Gestern wieder ne Tour gemacht entlang der Leine-Hügellandschaft - fährt sich einfach astrein, schalten flutscht und die Gabel macht so ziemlich alles mit 

Die Reifen sind mächtig runter... habt ihr nen Vorschlag?

Einziges Problem ist, dass mir die Hände einschlafen?! Woran kann das liegen? Geometrie, Griffe?

Beste Grüße


----------



## onkel_doc (8. Mai 2011)

Wenn du bei den reifen nicht auf das gewicht schaust dann hol dir nen onza canis in 2,25er breite.
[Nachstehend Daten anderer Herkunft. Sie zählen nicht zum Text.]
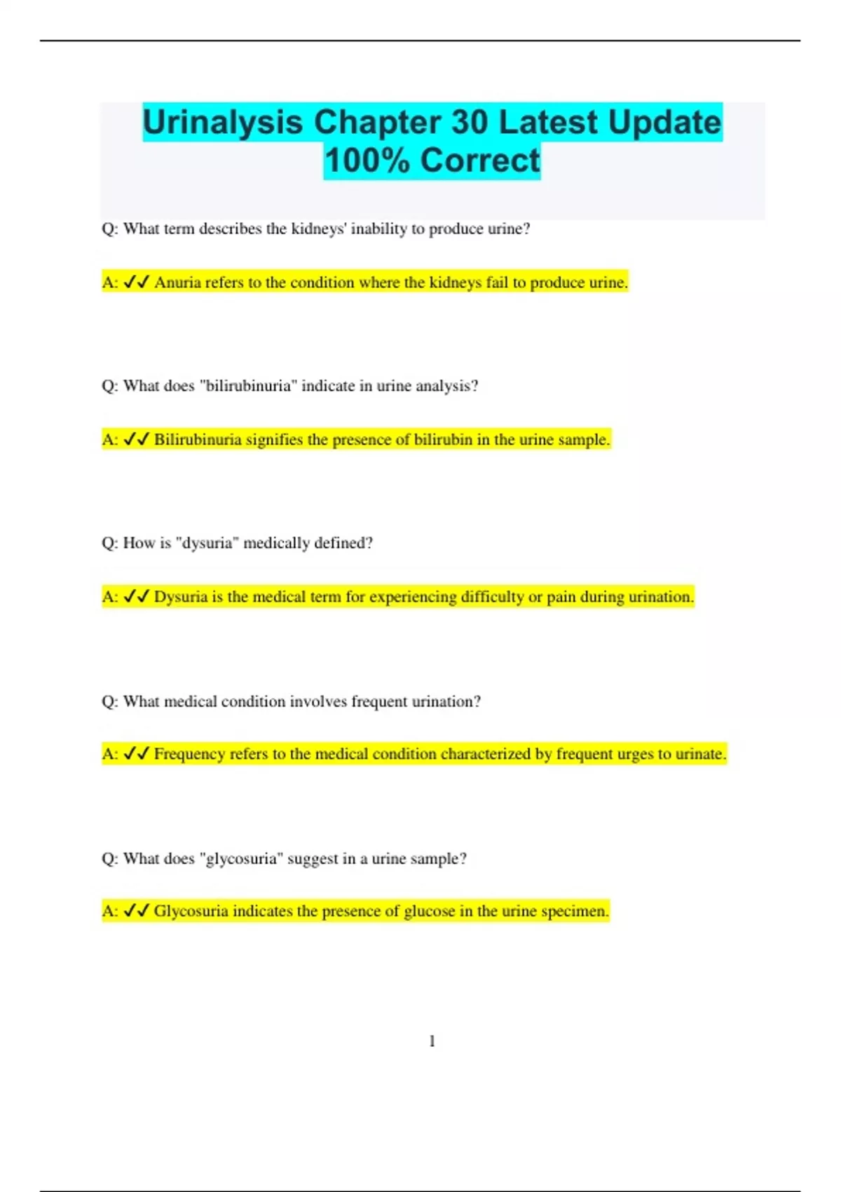 Urinalysis Chapter 30 Latest Update 100% Correct Q: What term describes the kidneys' inability to produce urine? A: Anuria refers to the condition where the kidneys fail to produce urine. Q: What does "bilirubinuria" indicate in urine analysis? A: Bilirubinuria signifies the presence of bilirubin in the urine sample. Q: How is "dysuria" medically defined? A: Dysuria is the medical term for experiencing difficulty or pain during urination. Q: What medical condition involves frequent urination? A: Frequency refers to the medical condition characterized by frequent urges to urinate. Q: What does "glycosuria" suggest in a urine sample? A: Glycosuria indicates the presence of glucose in the urine specimen. 2 Q: What does "hematuria" indicate in urine testing? A: Hematuria indicates the presence of blood in the urine. Q: What does "ketonuria" reveal in urine analysis? A: Ketonuria reveals the presence of ketone bodies in the urine sample. Q: What is "ketosis" in terms of bodily fluids? A: Ketosis refers to the state where there is an accumulation of ketone bodies in bodily tissues and fluids. Q: What term describes the act of voiding urine? A: Micturition describes the physiological act of emptying the bladder by urination. Q: What is the functional unit of the kidney? A: The nephron is considered the functional unit responsible for kidney function. Q: What condition involves excessive nighttime urination? A: Nocturia is characterized by excessive urination during the night. 3 Q: What does "nocturnal enuresis" denote in medical terms? A: Nocturnal enuresis refers to the involuntary release of urine during sleep, often termed bedwetting. Q: How is "oliguria" defined regarding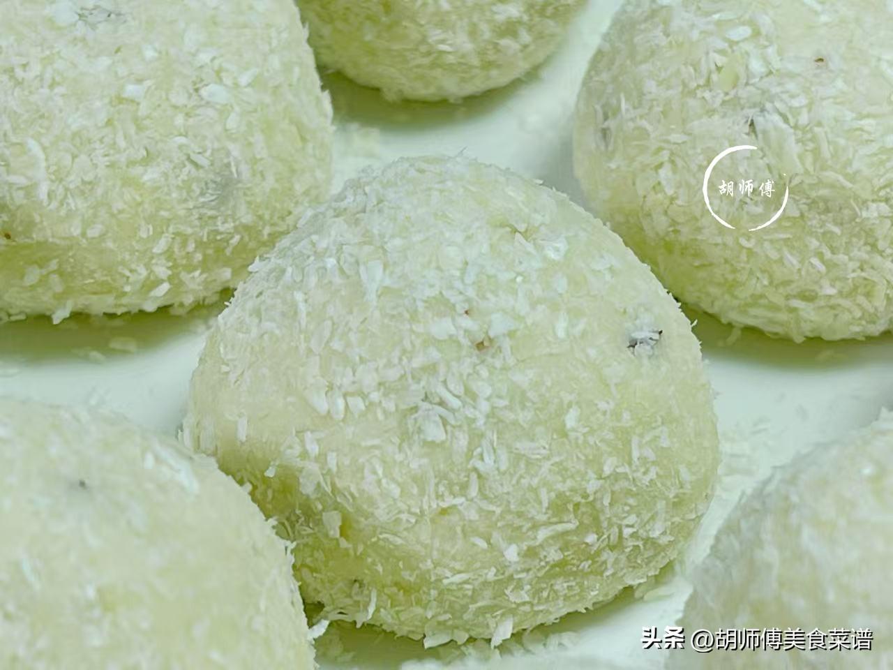 第四步:將按壓的山藥泥捏成小丸子,然後放入到椰蓉中滾一圈,椰蓉山藥團就做好了。做好的椰蓉山藥團必須當天喫完,放久了容易滋生病菌。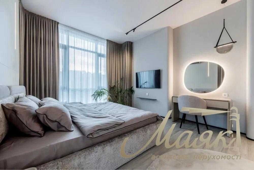 Квартира з дизайнерським ремонтом преміум-класу, виконаним за індивідуальним проєктом. Висота стель — 2,9 м, двері прихованого монтажу «під стелю», тепла підлога (5 зон), радіатори інтегровані в інтер’єр.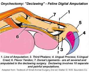 Find out more about what really happens when a cat is declawed. And find out how a dog is debarked.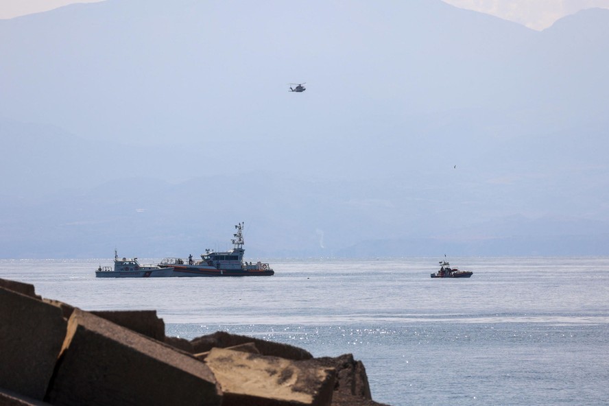 Navios da Guarda Costeira italiana e helicópteros dos bombeiros seguem as buscas pelos desaparecidos próximo ao porto de Porticello,onde o iate de luxo afundou — Foto: Igor Petyx /ANSA/AFP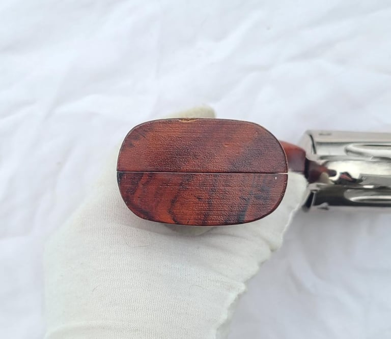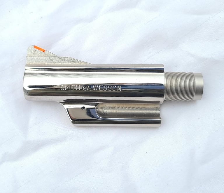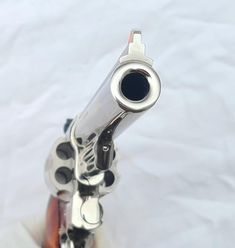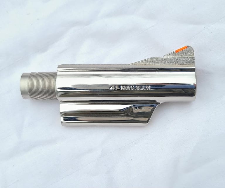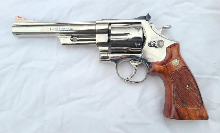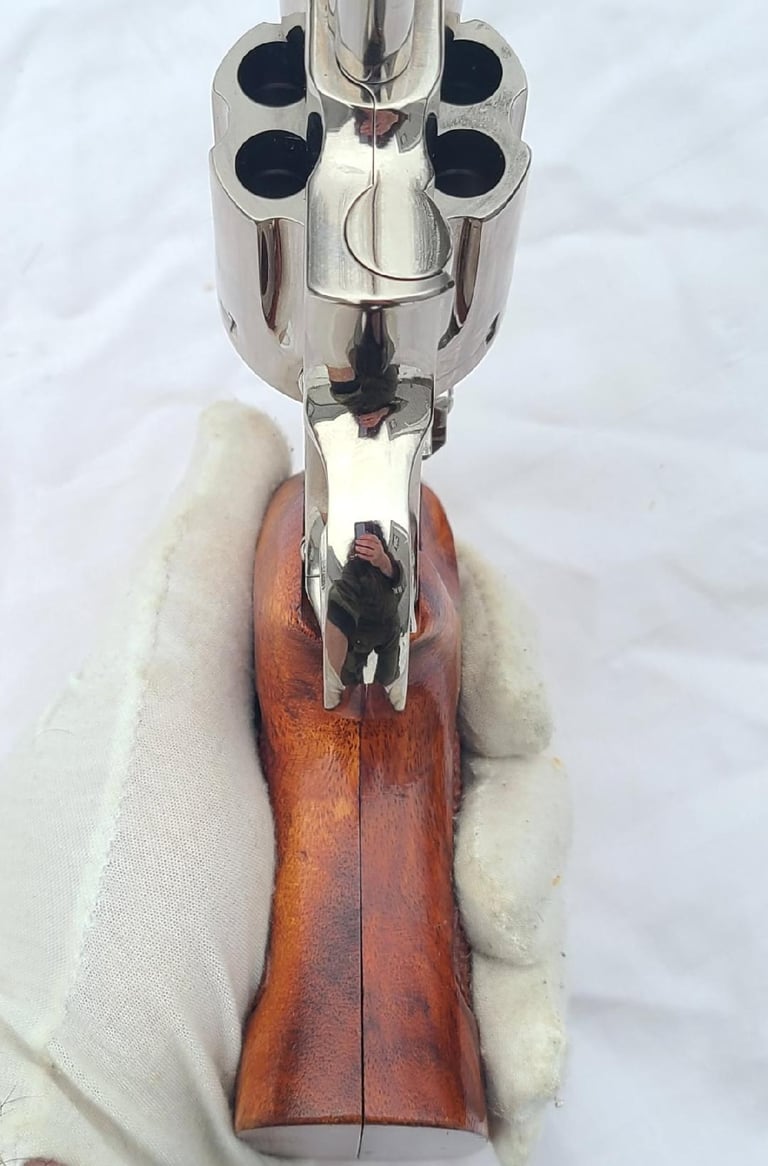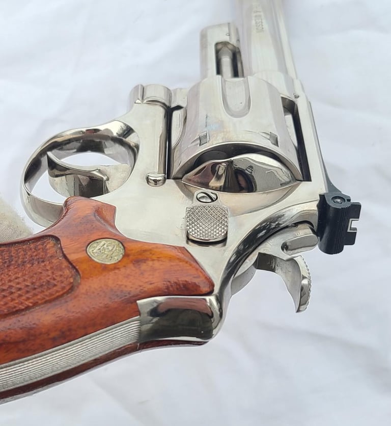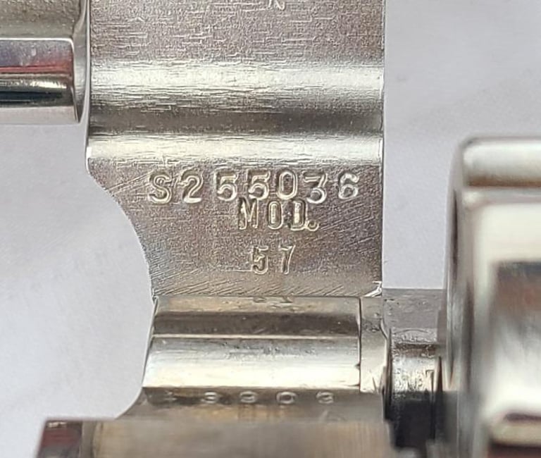 Here we have a Smith & Wesson model 57 (no dash) with nickel finish. It is currently fitted with a 6" barrel but a 4" barrel is also included. The cylinder yap looks a little tight, so, the 4" barrel may be the original to the revolver. Excellent condition with minor handling marks. Appears to function properly and lock up is good.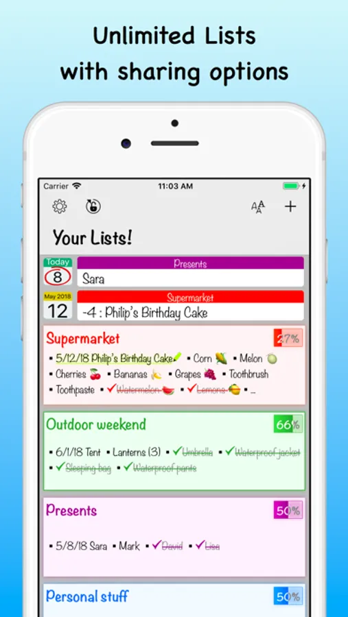 Fast and easy way to create FREE unlimited lists to share with your friends and family!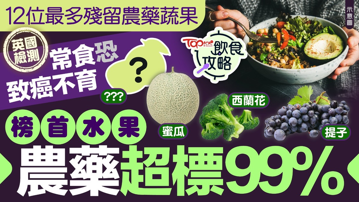 蔬果/農藥/癌症/不育|農藥無色無味,即使已仔細清洗,但仍然難以分辨是否乾淨。英國非牟利組織日前公布的最新報告指出,當地超市最常見的水果蔬菜中,有12種已成為農藥殘留最嚴重的「最毒蔬果」。其中農藥殘留最嚴重的水果樣本,更被驗出含高達99%多重農藥殘留,長期進食可能導致癌症或不育,情況令人堪憂。

Fahre diese dinger jetzt ein halbes jahr an meinen bikes und er fährt sich super. Fahre sie schlauchlos mit milch. Keine pannen und der abrieb ist wenig. Ach ja und kosten tun die dinger einige euro weniger wie die von schwalbe. 

Ansonsten Nobby nic von schwalbe...die bin ich vorher gefahren auf touren. Guter gripp und das gewicht hält sich in grenzen.

Für die griffe würde ich die moosgummigriffe von ritchey versuchen. Sind ein bischen dicker und halten ordentlich. ESI griffe gibt es da auch noch aber da muss ich noch erfahrungen sammeln. Die kröpfung des lenkers nach hinten würde dir vielleicht auch noch linderung bieten. Dann ist das handgelenk nicht so abgewinkelt  und der nerv wird ned so geklemmt.

Musst du einfach probieren.

Wünsch dir noch viel spass mit deinem hammer race.

greets onkeldoc


----------